Remove the minimum number of invalid parentheses in order to make the input string valid. Return all possible results.

Note -

The input string may contain letters other than the parentheses ( and ).

Here is my solution to this challenge -

def remove_invalid_parentheses(s):

    removed = 0
    results = {s}
    count = {"(": 0, ")": 0}
    for i, c in enumerate(s):
        if c == ")" and count["("] == count[")"]:
            new_results = set()
            while results:
                result = results.pop()
                for j in range(i - removed + 1):
                    if result[j] == ")":
                        new_results.add(result[:j] + result[j + 1:])
            results = new_results
            removed += 1
        else:
            if c in count:
                count[c] += 1
    count = {"(": 0, ")": 0}
    i = len(s)
    ll = len(s) - removed
    for ii in range(ll - 1, -1, -1):
        i-=1
        c = s[i]
        if c == "(" and count["("] == count[")"]:
            new_results = set()
            while results:
                result = results.pop()
                for j in range(ii, ll):
                    if result[j] == "(":
                        new_results.add(result[:j] + result[j + 1:])
            results = new_results
            ll -= 1
        else:
            if c in count:
                count[c] += 1
    return list(results)

Explanation -

  • Scan from left to right, make sure count["("] >= count[")"].
  • Then scan from right to left, make sure count["("] <= count[")"].
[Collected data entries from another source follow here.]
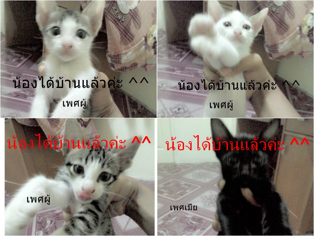 น้องได้บ้านแล้วนะคะ ทั้ง4 ตัว ดีใจมากๆ ขอบคุณทุกท่านที่เมตตากับน้องแมวค่ะ ขอบคุณมากจริงๆ
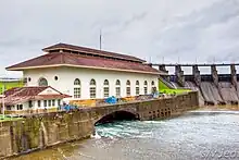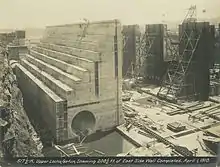 The dam incorporates a hydro-electric generating station, which is situated on the east side of the spillway discharge channel.[2] This uses water from the lake to drive a number of turbine-generators; as first commissioned, three generators were installed, producing a total of 6 megawatts (8,000 hp) of electricity. The power generated is used for the operation of the lock and spillway machinery, and for the lighting of the locks and the canal villages.[3]
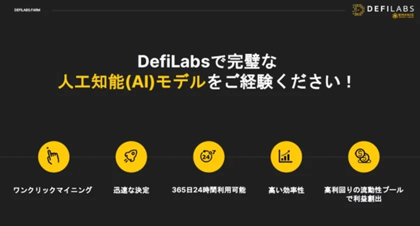 「AIによる年利回り最大期待値が186.70%あり、人の手を介さずに高い利回りを期待できる」「国際情勢による影響を受けにくく、単一通貨における資産運用より変動損失を防ぎやすい」といった魅力を兼ね備え、海外の多くのメディアから注目を集め、どなたでも簡単に自動で資産を増すことのできるDefiLabsは、アジア太平洋地域で急速に拡大していますが、まだ日本では知られていない最先端の投資法です。
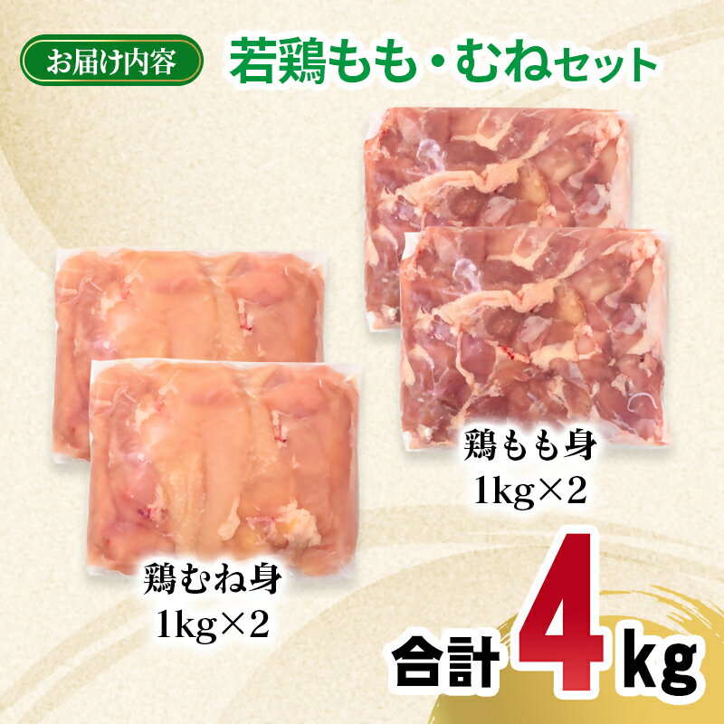 【ふるさと納税】宮崎県産若鶏 もも肉 むね肉 合計4kg <1.9-19> モモ肉 ムネ肉 もも身 むね身 とり肉 国産 真空パック

Here are some inputs/outputs -

print(remove_invalid_parentheses("()())()"))
>>> ["()()()", "(())()"]

print(remove_invalid_parentheses("(a)())()"))
>>> ["(a)()()", "(a())()"]

print(remove_invalid_parentheses(")("))
>>> [""]

Here are the times taken for each output -

%timeit remove_invalid_parentheses("()())()")
6.54 µs ± 176 ns per loop (mean ± std. dev. of 7 runs, 100000 loops each)

%timeit remove_invalid_parentheses("(a)())()")
8.43 µs ± 1.29 µs per loop (mean ± std. dev. of 7 runs, 100000 loops each)

%timeit remove_invalid_parentheses(")(")
3.69 µs ± 67.3 ns per loop (mean ± std. dev. of 7 runs, 100000 loops each)

So, I would like to know whether I could make this program shorter and more efficient.

Any help would be highly appreciated.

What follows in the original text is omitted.